Schneider is encouraging more environmental monitoring and is practising what it preaches with capabilities added into its latest product line. It hopes others will follow its lead and take steps to make sure carbon emissions can be countered.

“We have embraced the mindset that future innovation will deliver better efficiency across the broader connectivity landscape,” said Sharma. “By making smart intentional choices, our industry can help mitigate how much electricity and emissions result from the rising appetite for digital technologies.”

Schneider’s latest research can be added to a growing list of vendor announcements and initiatives that highlight just how much sustainability matters.

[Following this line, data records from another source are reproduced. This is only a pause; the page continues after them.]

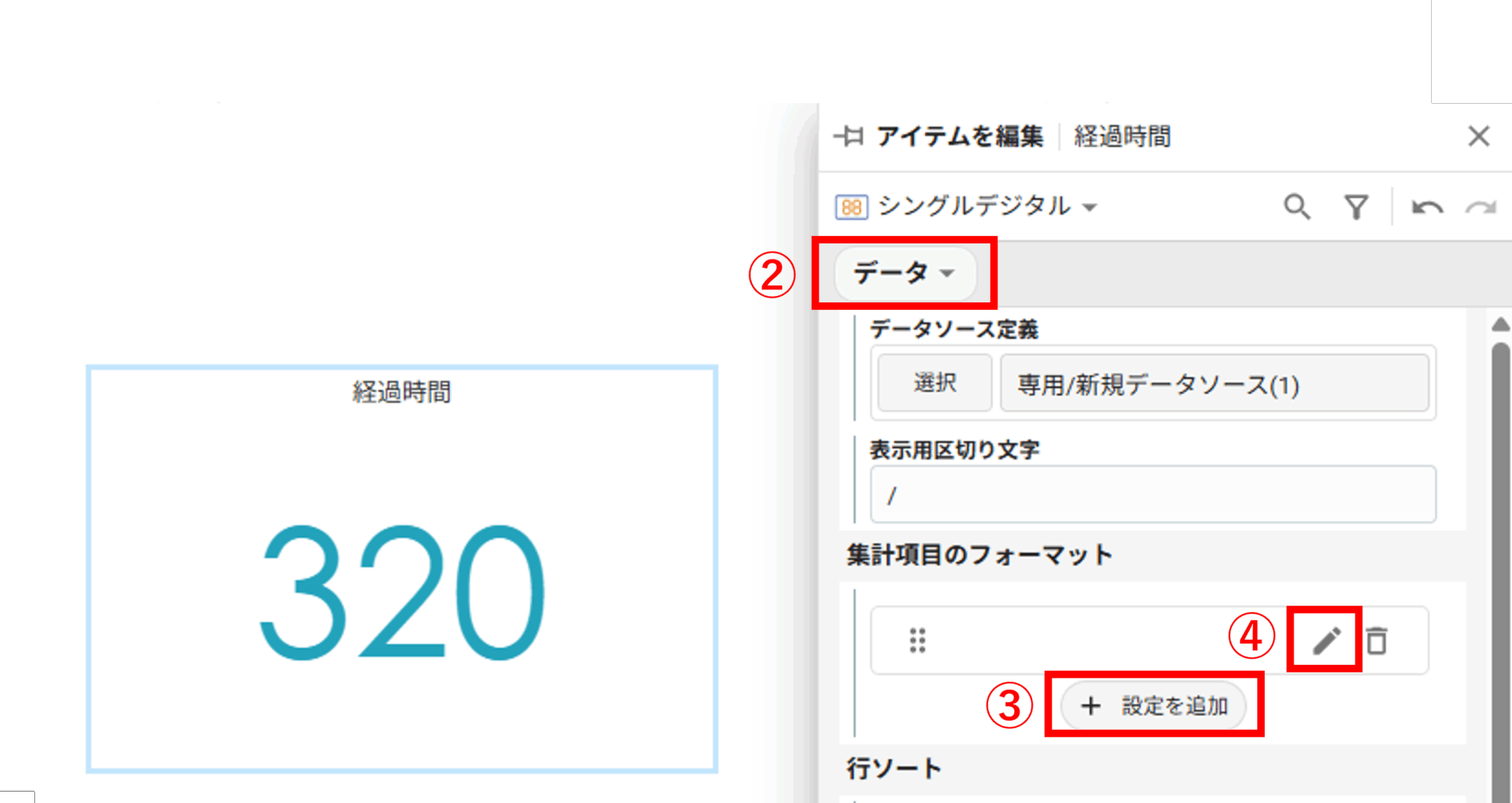④設定欄が追加されたら、鉛筆アイコンの[集計項目のフォーマット]編集ボタンをクリックします。
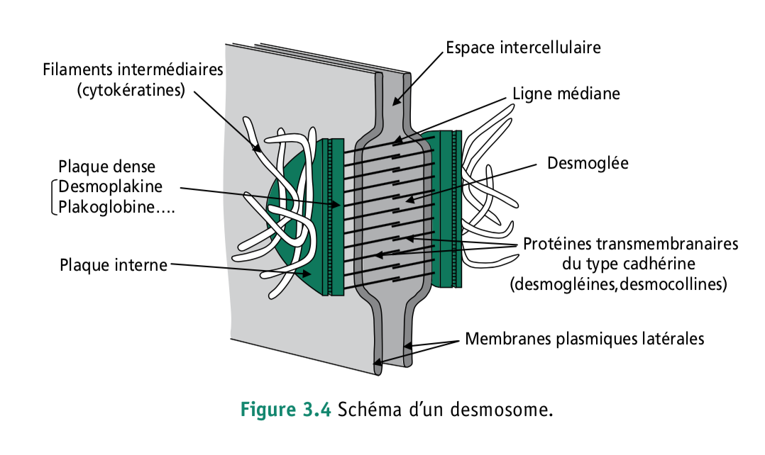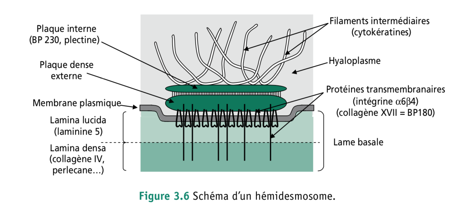 De plus, je ne comprends pas pourquoi c'est l'hémidesmosome qui a une double plaque dense intracytoplasmique et pas le desmosome :sweat: :sweat: je ne visualise pas du tout les structures :crying:
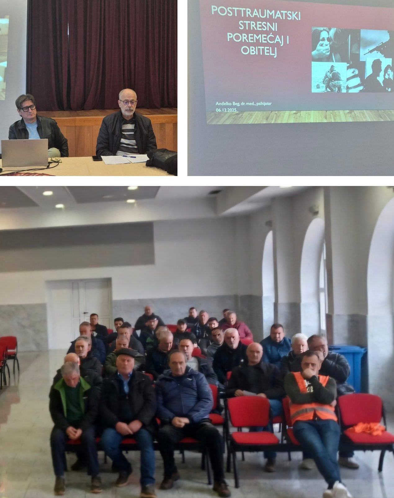 Ispred Udruge hrvatskih branitelja oboljelih od PTSP-a Splitsko-dalmatinske županije, organizirali smo tribinu ,,PTSP i obitelj,, Predavači su bili Dr. Anđelko Beg, psihijatar i Trpimir Jurić,

Suppliers such as Microsoft and Dell have made public commitments to help the planet and there have been other initiatives from the likes of HPE and Konica Minolta to improve the sustainability of their products.

Last month, the issue came even closer to home with reseller giant Softcat revealing that it wants to implement a net-zero carbon supply chain by 2040. The firm is also the only FTSE 250 company that has committed to the United Nations’ Sustainable Development Goals and received a five-star rating.

Impact of the pandemic

Lockdown forced many to turn to IT for work and pleasure and, as a result, to increased demand for power. The Schneider Electric research highlighted some of the changes that have occurred over the past 18 months:

  • Video-conferencing exploded, with Zoom saying its user base increased from 10 million in December 2019 to 200 million in March 2020.
  • About 1.2 billion students worldwide were kept away from their physical study spaces, and millions of remote workers stayed connected via platforms and applications.
  • Consumption of in-home digital media and video streaming by worldwide internet users increased significantly.